_MATERIAL TO PROCESS_
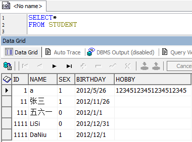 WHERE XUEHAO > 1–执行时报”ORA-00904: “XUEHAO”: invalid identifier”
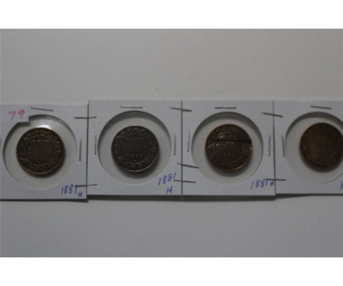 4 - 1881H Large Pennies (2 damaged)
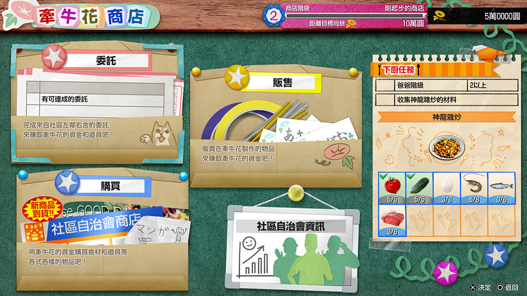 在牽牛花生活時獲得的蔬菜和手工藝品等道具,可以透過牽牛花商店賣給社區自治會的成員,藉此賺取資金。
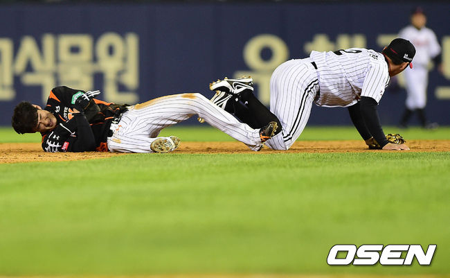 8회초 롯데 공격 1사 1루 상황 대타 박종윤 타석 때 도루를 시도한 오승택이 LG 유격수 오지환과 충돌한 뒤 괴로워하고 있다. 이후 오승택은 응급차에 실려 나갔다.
==
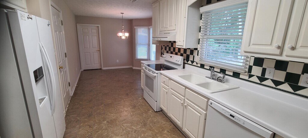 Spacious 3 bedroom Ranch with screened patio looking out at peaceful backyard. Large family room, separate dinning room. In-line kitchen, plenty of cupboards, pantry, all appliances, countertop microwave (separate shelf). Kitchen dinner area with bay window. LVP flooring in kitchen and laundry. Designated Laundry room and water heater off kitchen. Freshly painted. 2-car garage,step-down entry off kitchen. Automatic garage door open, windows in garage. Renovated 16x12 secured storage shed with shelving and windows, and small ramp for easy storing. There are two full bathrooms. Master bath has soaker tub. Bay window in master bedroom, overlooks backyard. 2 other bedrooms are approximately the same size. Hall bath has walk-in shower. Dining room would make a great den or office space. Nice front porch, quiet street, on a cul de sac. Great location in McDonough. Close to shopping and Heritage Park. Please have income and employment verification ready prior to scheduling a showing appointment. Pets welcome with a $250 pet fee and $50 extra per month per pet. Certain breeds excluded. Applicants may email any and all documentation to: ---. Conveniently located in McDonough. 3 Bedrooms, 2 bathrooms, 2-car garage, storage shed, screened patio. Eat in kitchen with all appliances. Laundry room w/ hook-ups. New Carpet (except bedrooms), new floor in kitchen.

_PROBLEM TO WORK ON_
In the data above, find the line containing "在牽牛花生活時獲得的蔬菜和手" and the line containing "8회초 롯데 공격 1사". Copy exactly the stretch from the first through the second, both included, leaving out any picture.

_RESPONSE AREA_
 在牽牛花生活時獲得的蔬菜和手工藝品等道具,可以透過牽牛花商店賣給社區自治會的成員,藉此賺取資金。
 8회초 롯데 공격 1사 1루 상황 대타 박종윤 타석 때 도루를 시도한 오승택이 LG 유격수 오지환과 충돌한 뒤 괴로워하고 있다. 이후 오승택은 응급차에 실려 나갔다.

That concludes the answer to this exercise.